Protected area in the Philippines

The Casecnan Protected Landscape is a protected area in the Casecnan River watershed of eastern Luzon in the Philippines. It has a total area of 88846.80 ha straddling the provinces of Nueva Vizcaya, Quirino and Aurora. The 57930 ha Casecnan River Watershed Forest Reserve was established in August 1987 by virtue of Executive Order No. 136 issued by President Corazon Aquino. In April 2000, the forest reserve was enlarged to 88846.80 ha and was reclassified as a protected landscape area through Proclamation No. 289. It is considered one of the last remaining substantial water sources for the region of Central Luzon.

==Description==
The protected landscape area stretches over the municipalities of Dupax del Norte and Dupax del Sur in Nueva Vizcaya, Maddela in Quirino, and Dipaculao in Aurora. It was established to protect the watershed around the Casecnan River, a tributary of the Rio Grande de Cagayan which flows through the mountains of central Sierra Madre, the Caraballo and Mamparang ranges. The river is used heavily for irrigation and serves much of the surrounding communities in Central Luzon and Cagayan Valley. It also supplies hydroelectric power to the region, an additional 140 megawatts of power capacity to the Luzon grid through a tunnel and powerhouse built in 2001 from the diversion weirs in the Casecnan and Taan rivers in Nueva Vizcaya near Mount Guiwan to the Pantabangan Dam in Nueva Ecija. The Casecnan Dam is considered one of the most expensive hydroelectric plants in the country and was criticized for its adverse impact on the ecology of the protected area as well as the local community of Ilongot people (also known as Bugkalot) residing in the watershed area.
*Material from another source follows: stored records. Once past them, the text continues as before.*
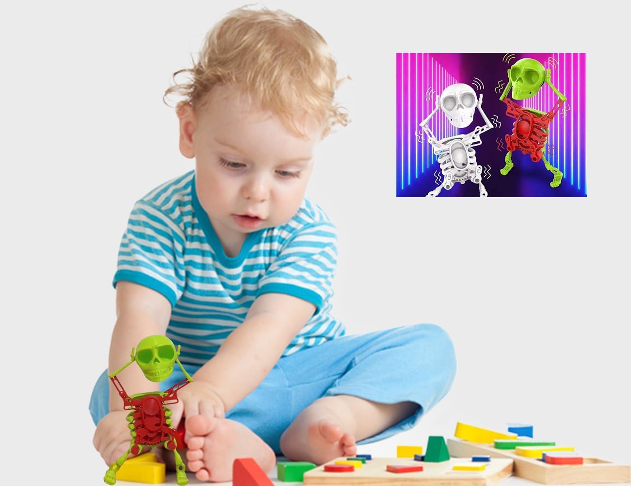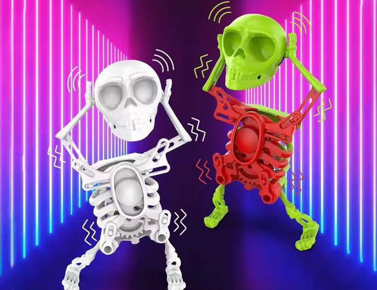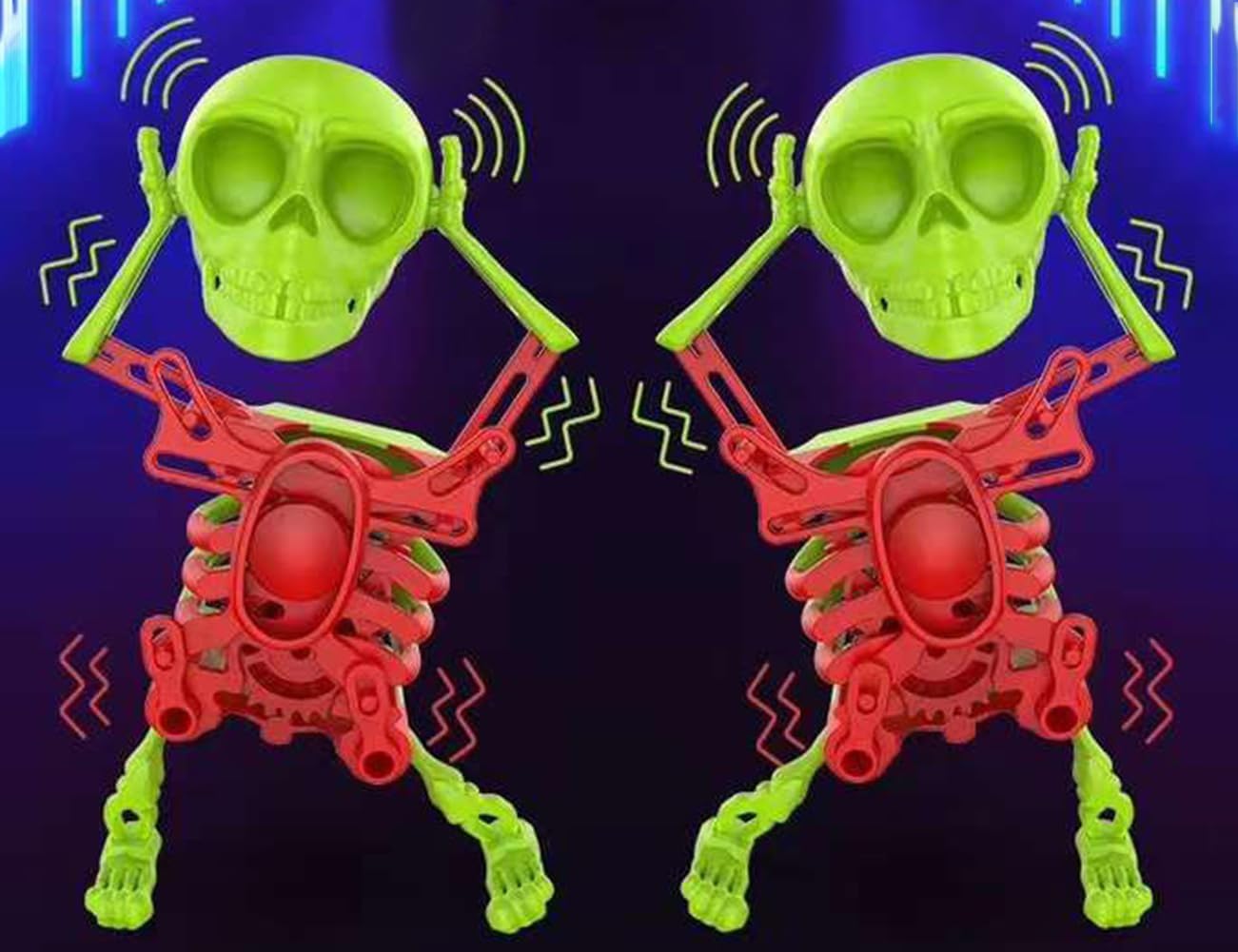 Quando studi, lavori sotto pressione; o incontri difficoltà, umore noioso; o aspetti, noia, guarda il giocattolo del teschio danzante che scuote la testa: può portarti divertimento, alleviare lo stress, liberare le emozioni, rilassarti, regolare il tuo stato, in modo da riempirti di energia. Per far ballare lo scheletro, basta ruotare in senso orario il meccanismo sul retro del giocattolo dello scheletro for azionare lo scheletro, dopodiché potrai apprezzare e divertirti con la danza sinuosa e divertente dello scheletro danzante. Questo colorato giocattolo a forma di scheletro umano può essere utilizzato come un originale ornamento decorativo, da posizionare in casa o in ufficio, for esprimere la propria personalità e il proprio gusto, ma anche for decorare lo spazio. Questo giocattolo rilassante a forma di scheletro danzante è adatto ad adolescenti e adulti. Puoi regalarlo ad amici e familiari. La sua fantastica forma a teschio non solo stupirà i tuoi amici, ma attirerà anche l'attenzione di tutti, facendoli sentire nuovi e strani, strappando loro un sorriso. Lo scheletro danzante è realizzato in plastica, resistente e non si rompe facilmente. È alto 17 cm.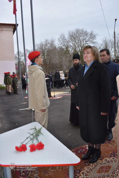 В торжественной церемонии посвящённой данному событию, приняли участие глава Администрации Октябрьского района Людмила Овчиева, глава Администрации Коммунарского поселения Ольга Безрукавая, благочинный приходов Нижнедонского округов протоиерей Сергий Яценко, председатель Совета ветеранов войны, труда (пенсионеров), вооруженных сил и правоохранительных органов Юрий Точеный, директор школы, учителя, ученики, участники СВО, председатель первичной организации ветеранов-участников специальной военной операции Вячеслав Черный.
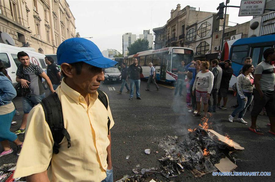 Manteros (vendedores ambulantes) participan en el corte parcial durante una protesta la avenida Pueyrredón, en la zona donde esta madrugada se montó un fuerte operativo policial para desalojarlos, en el barrio porte?o de Once, en Buenos Aires, Argentina, el 10 de enero de 2017. Al menos dos manteros detenidos, dos heridos leves de la policía local y un periodista lesionado fue el saldo que arrojó el operativo policial llevado a cabo el mediodía del martes en las proximidades de la estación Miserere, en el barrio porte?o de Onve, para dispersar una protesta de vendedores callejeros en reacción a un desalojo de más de 2,000 puestos de venta ilegal de mercadería, informaron fuentes policiales de la ciudad. Tras los incidentes habrá una reunión entre los manteros y el Gobierno de la Ciudad, de acuerdo con información de la prensa local. (Xinhua/Carlos Brigo/TELAM)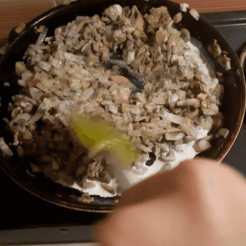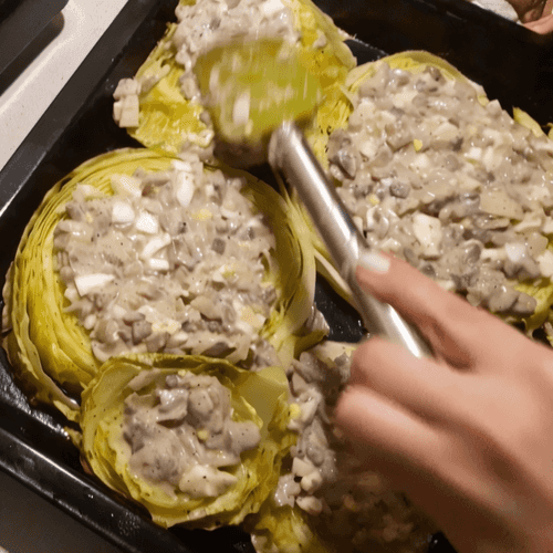 Place the mushroom filling on the prepared cabbage and put it in the oven at 180 degrees. After 10 minutes, add cheese and bake for another 3 minutes.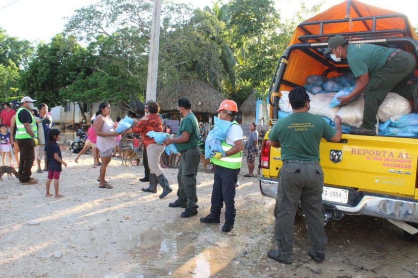 Las autoridades municipales visitaron las comunidades de San Carlos, Martirio, Pozo Pirata, Zafarrancho y Naranjal, ahí en coordinación con dos brigadas de la Coordinación Estatal de Protección Civil y de la Comisión Nacional Forestal (Conafor), entregaron una despensa a cada familia, así como un bulto de semilla de maíz para cultivar.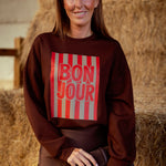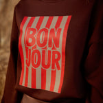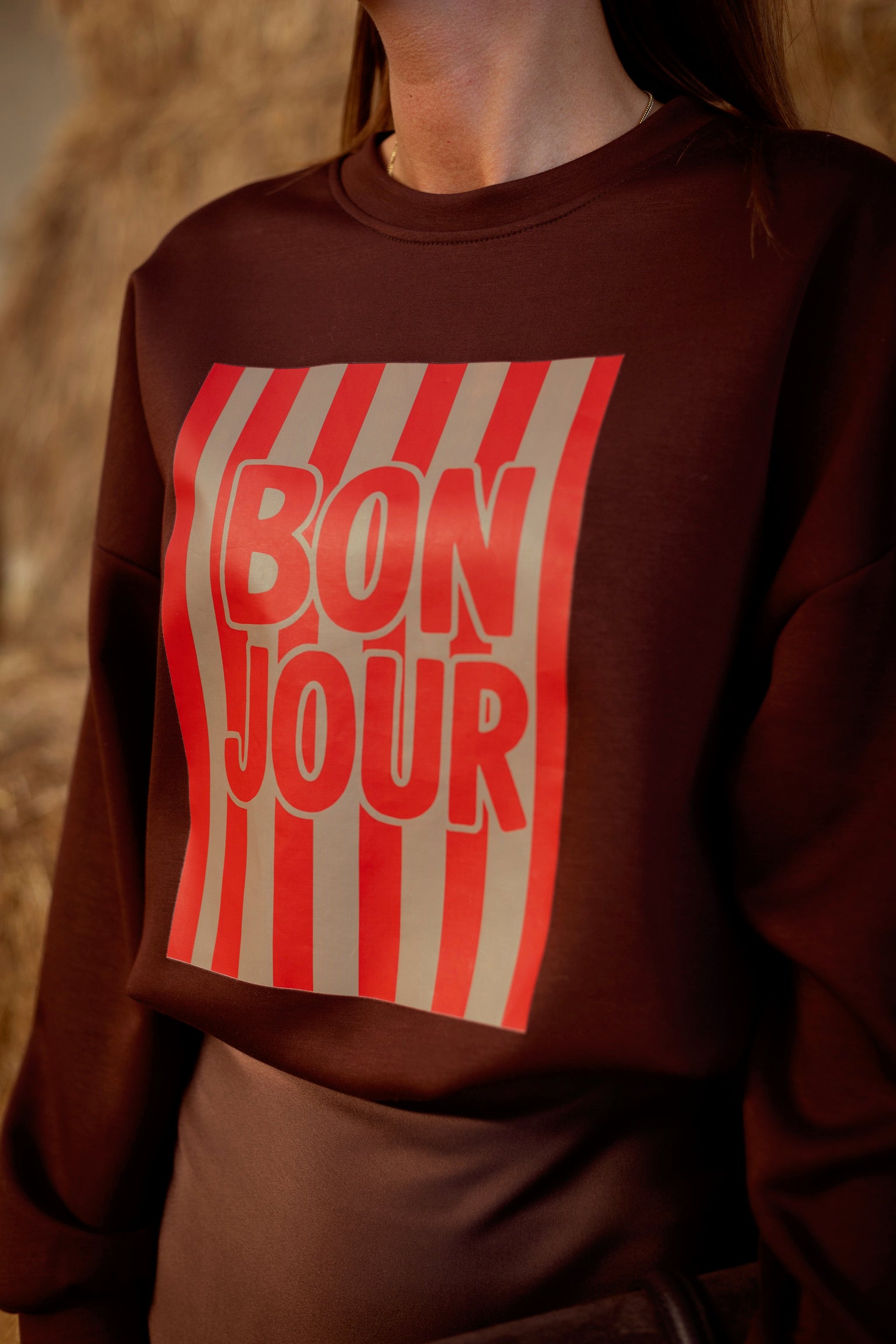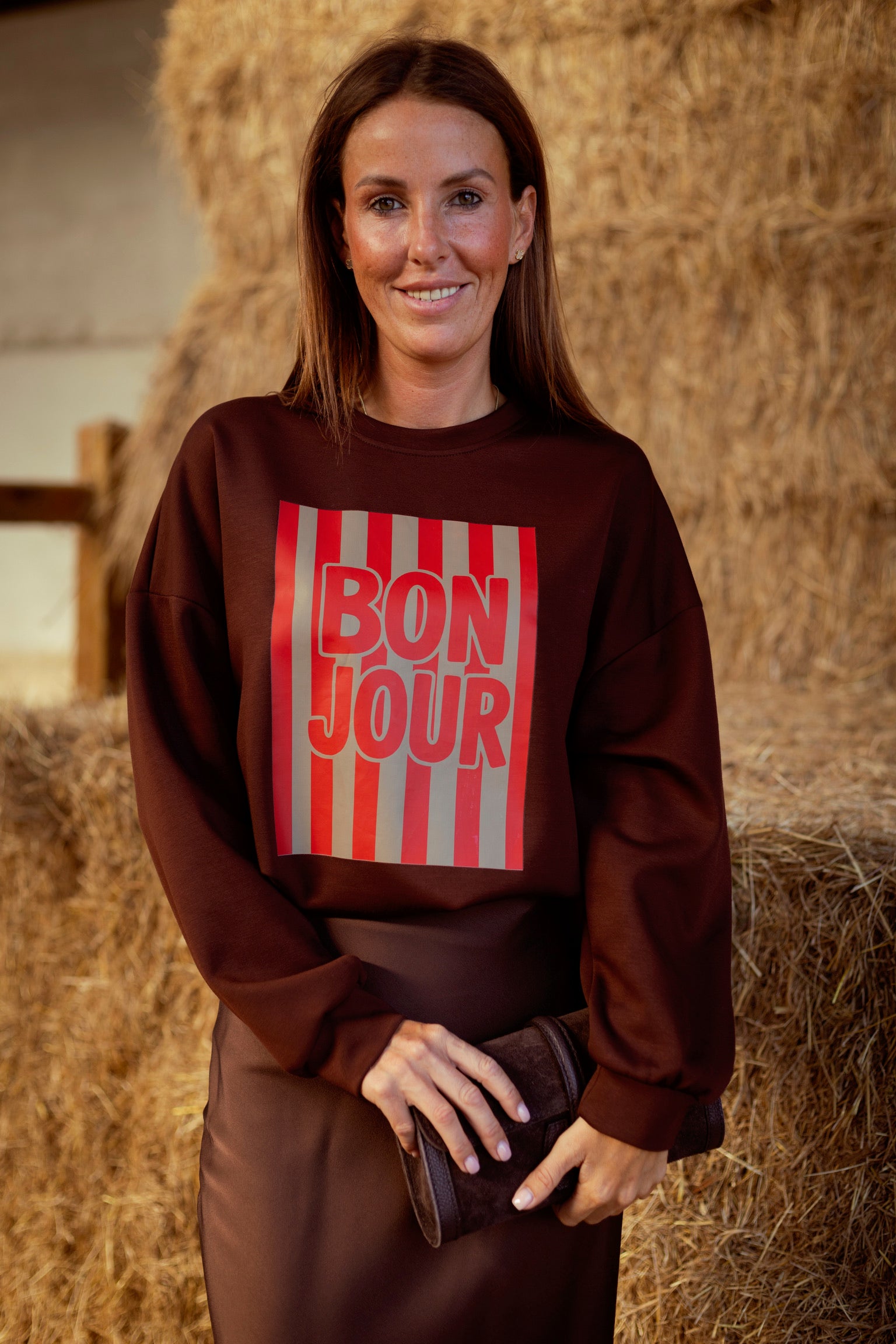 Een zachte, warme trui in herfstige bruintinten met een speelse touch dankzij de opvallende ‘Bonjour’-print. Perfect om een casual outfit wat extra vrolijkheid en karakter te geven tijdens de koelere dagen.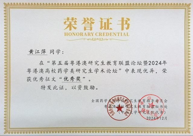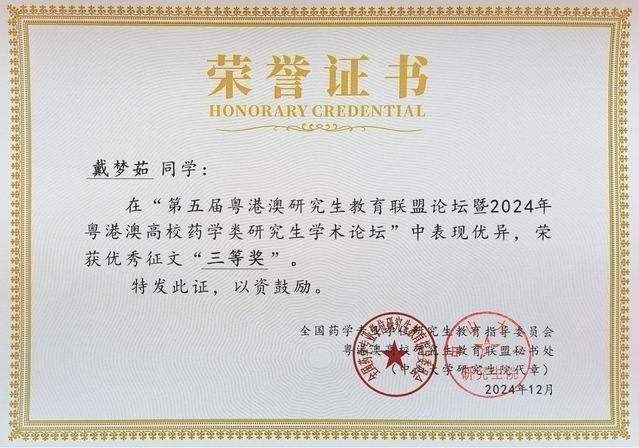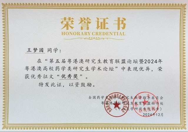 大会前期面向全国高校征集优秀论文,共得到来自56所院校的投稿论文229篇,经论坛组委会组织专家评审后,最终遴选出获奖论文126篇,其中一等奖5篇,二等奖26篇,三等奖33篇,优秀奖62篇,优秀组织10项。其中化学与生物工程学院2022级药学硕士研究生戴梦茹荣获优秀征文“三等奖”,2022级赵宇超、黄江萍和2023级王梦园等荣获优秀征文“优秀奖”。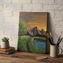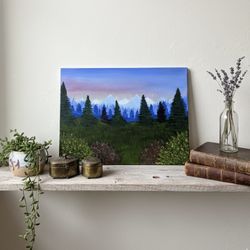 Hand-Painted Mountain Landscape Canvas | Pine Forest & Sunset Art | Home Decor$37Cortland, NY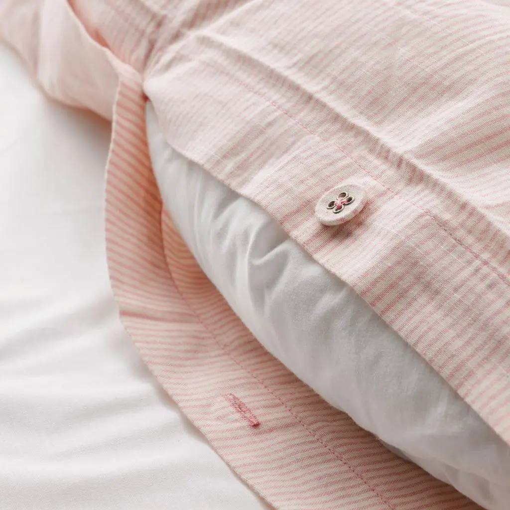 Благодаря декоративным, обтянутым тканью пуговицам на пододеяльнике одеяло не будет выбиваться.
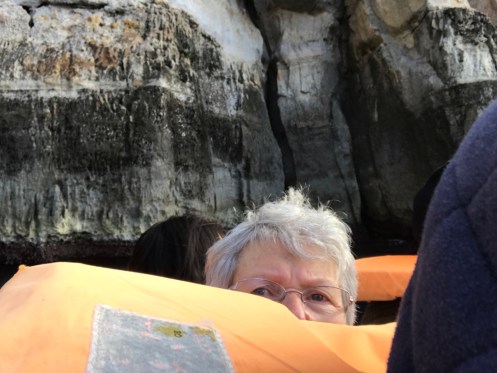J’ai des difficultés pour faire des photos. Le gilet de sauvetage me gêne, je suis au dernier rang entre deux personnes !!! Celui de devant me coupe la vue ainsi que ceux qui sont à ma droite et à ma gauche… Tant pis pour les photos je publierai ce que j’ai pu faire. Yves est avec son appareil photo, je ne peux pas les récupérer.

On June 22, 2018, the feature was designated a national park through the Expanded National Integrated Protected Areas System (ENIPAS) Act or Republic Act No. 11038 which was signed by President Rodrigo Duterte.

==Wildlife==
The Casecnan Protected Landscape area is a haven for wildlife, some of which are unique and endangered, including the Philippine deer, Philippine eagle, cloud rat, hornbill, kingfisher and Philippine warty pig.